I never knew when she might be listening, or when she might pop in out of nowhere to surprise me.  Before becoming a kind of Goddess, she’d been a red dragon.   She and my inner dragon were soul-mates, a level of intimacy I hadn’t reached, even with Izumi. 

Shiva turned to the idol.  Her hands framed the central fanged face of the snake goddess.  Shiva drew in a deep breath and held it.  As if breath and life were transferred to the stone figure, it grew pliant, swaying forward a little, then back.  The branching snakes to either side turned to look at Shiva.  They rippled closer to her, giving her their total attention.  She cupped her hands under the statue’s face and the ruby tears slowly slid down the face.  The stones fell into Shiva’s hands.  One by one, the snakes left their eyes as well.  All that was left were the two large rubies of the central figure.  Those fell out.  Shiva caught them.

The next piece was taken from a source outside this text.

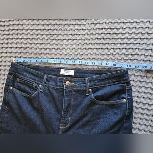 Denizen by Levi's Ultra High Rise Crop Flare Jeans in a Size 16 (33). Dark Wash. There are no signs of wear that I can see. Great pair of jeans with stretch.

I held out my hands and Shiva passed them along.  I used my tattoo link to my treasure vault to send them to safety, letting the rubies vanish into ether.

“Hey!” Thorn protested. 

“We’ll settle up later,” I said.

I thought she was going to argue, but she reined herself in and nodded.  “Yes, we will.  Take the garnet tongue, too.  You’ll need it.”

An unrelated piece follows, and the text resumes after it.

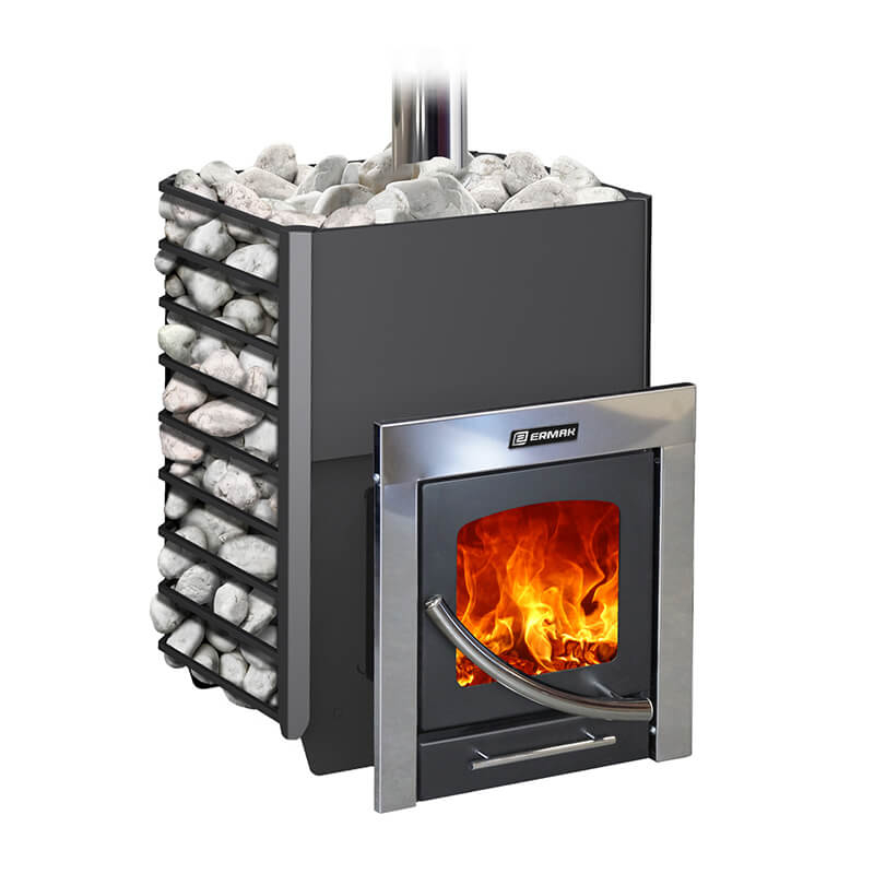 Дровяная печь для бани Ермак 16 ПС Сетка Классика, с панорамным стеклом.

I stared at her.  “Something you see in my future?”

She nodded.  “Trust me.”

I reached over and used a bit of dragon strength to snap it off.  Garnet isn’t very strong.  In medieval times, the stone was often ground into powder and put in wine to treat fever and jaundice.  I held the wavy blade, staring at it.  Kinda like a knife with no hilt.

“Put it in your boot,” Thorn said.

I did.  “Happy?”

Thorn smiled, staring into a vision that was hers alone.  She said, “Yes.” 

Shiva went back to touching the snake goddess.  The idol flattened, losing definition.  A moment later, there was only a bare wall standing between the two block pillars. 

“You didn’t like the décor?” I asked.

“Kinda creeped me out,” Shiva said.  “Especially after I animated her.  I hope she stays out of my dreams.”

“Let’s get out of here,” I said.

Thorn summoned a magic ball of light to brighten our path as we walked away from the wall, past the altar, crossing the chamber to the fresh hole I’d made.  We threaded the burial chamber and entered the other half of the basement.